# Cyclic Quadrilaterals and Incenters (RMO 2015 Mumbai Region Solution)

Problem:  Let ABC be a right angled triangle with $$\angle B = 90^0$$ and let BD be the altitude from B on to AC. Draw $$DE \perp AB$$ and $$DF \perp BC$$. Let P, Q, R and S be respectively the incenters of triangle DFC, DBF, DEB and DAE. Suppose S, R, Q are collinear.
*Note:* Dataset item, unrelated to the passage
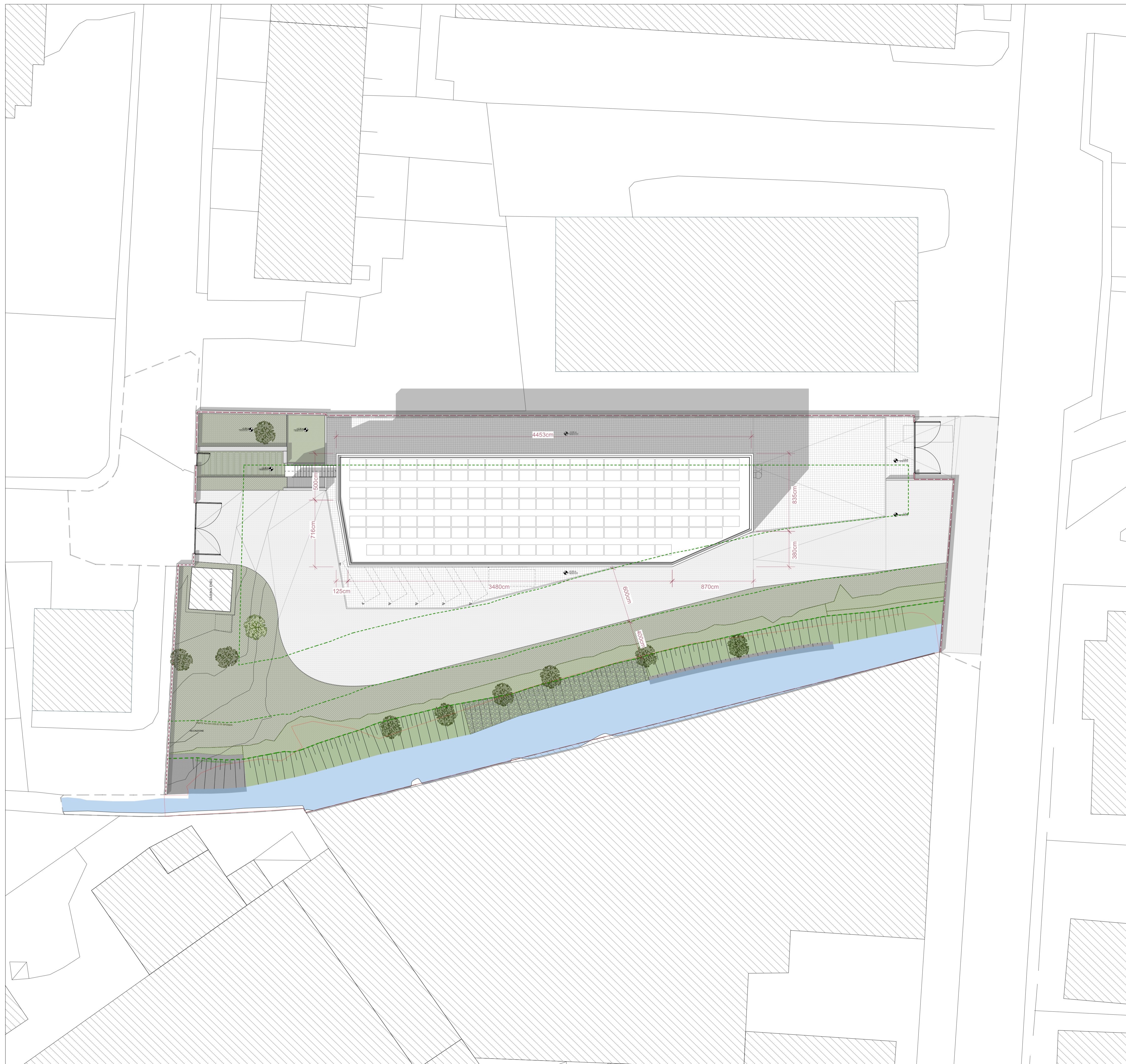
Inquadramento generale dello stato di progetto Scala 1:200

Prove that P, Q, R, D lie on a circle.

Discussion: (Diagram courtesy Eeshan Banerjee)

We will show $$\displaystyle { \Delta PFQ }$$ is similar to $$\displaystyle { \Delta RES }$$.

First note that $$\displaystyle { \Delta PFC \equiv \Delta BRE }$$ by simple angle chasing as follows:
$$\displaystyle { \angle PFC = \angle REB = 45^o}$$ (half of right angle as $$\displaystyle { DE \perp AB }$$ and RE bisects $$\displaystyle { \angle DEB}$$, etc. )
$$\displaystyle { \angle PCF = \angle RBE = \frac{\angle C} {2}}$$ as $$\displaystyle { \angle ABD = \angle C }$$ and BR is the angle bisector.

Since sides of similar triangles are proportional, hence $$\displaystyle { \frac {PF}{FC} = \frac {RE}{BE} }$$ — (i)

Similarly note that $$\displaystyle { \Delta QFB \equiv \Delta ASE }$$ by similar angle chasing.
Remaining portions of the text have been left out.